◆ Data section:
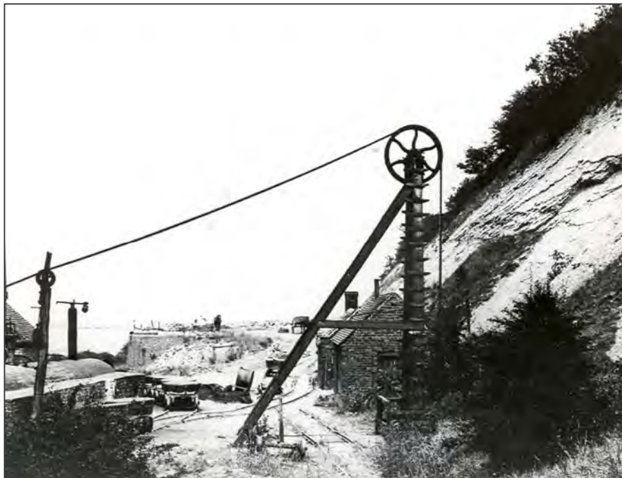
Wrens Nest West mine

Wrens Nest West mine Wrens Nest West mine
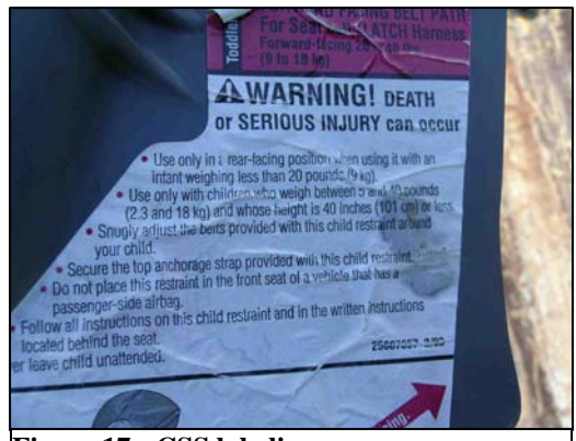
Figure 17 - CSS labeling.

At the time of the CSS inspection, the harness straps were routed through the top slots consistent with forward facing use. The harness retainer clip was positioned 24 cm (9.5") below the harness slots. There left harness webbing exhibited loading evidence located 32 cm (12.5") below the harness slots where the webbing was roped within the left latch plate. There were no discernable stress marks on the seat or shell of the CSS.
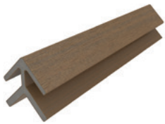
US46 Outside Corner Trim
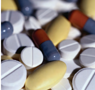
Specialty Gas Filtration
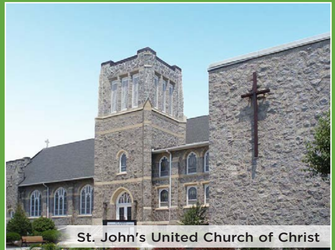
St. John's United Church of Christ
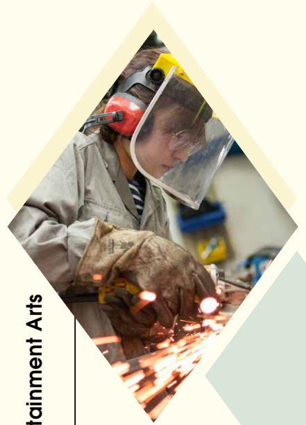
Theatre and Entertainment Arts 舞台及製作藝術
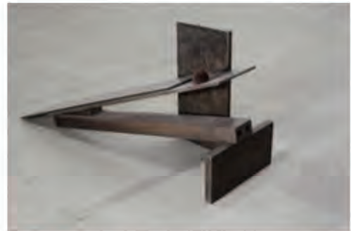
Rebecca Warren, Reclining Figure , 2011, steel and pom-pom, 18 1/2 x 43 1/4 x 13 3/4".

Satire, cleverness, and absurdity are at the core of Rebecca Warren's art. Humorously undercutting platitudes from different sculptural genres, Warren both mocks and participates in the lineage of art-historical standards. In Reclining Figure , 2011, she toys with the monumental sculptures frequently installed in public spaces and outside corporate headquarters. Using steel, she miniaturizes an assembly of geometric forms that, at a colossal scale, would be a bombastic trope of public-art installations. Warren emasculates the sculpture further by including a pom-pom as a kind of ridiculous adornment. In part because of their diminution, the sculptures feel like elaborate mousetraps or fragments from an ineffectual Rube Goldberg machine.

◆ Goal of the exercise: Transcribe the records above exactly, skipping pictures.

◆ Solution to this problem:
Wrens Nest West mine

Wrens Nest West mine Wrens Nest West mine
Figure 17 - CSS labeling.

At the time of the CSS inspection, the harness straps were routed through the top slots consistent with forward facing use. The harness retainer clip was positioned 24 cm (9.5") below the harness slots. There left harness webbing exhibited loading evidence located 32 cm (12.5") below the harness slots where the webbing was roped within the left latch plate. There were no discernable stress marks on the seat or shell of the CSS.
US46 Outside Corner Trim
Specialty Gas Filtration
St. John's United Church of Christ
Theatre and Entertainment Arts 舞台及製作藝術
Rebecca Warren, Reclining Figure , 2011, steel and pom-pom, 18 1/2 x 43 1/4 x 13 3/4".

Satire, cleverness, and absurdity are at the core of Rebecca Warren's art. Humorously undercutting platitudes from different sculptural genres, Warren both mocks and participates in the lineage of art-historical standards. In Reclining Figure , 2011, she toys with the monumental sculptures frequently installed in public spaces and outside corporate headquarters. Using steel, she miniaturizes an assembly of geometric forms that, at a colossal scale, would be a bombastic trope of public-art installations. Warren emasculates the sculpture further by including a pom-pom as a kind of ridiculous adornment. In part because of their diminution, the sculptures feel like elaborate mousetraps or fragments from an ineffectual Rube Goldberg machine.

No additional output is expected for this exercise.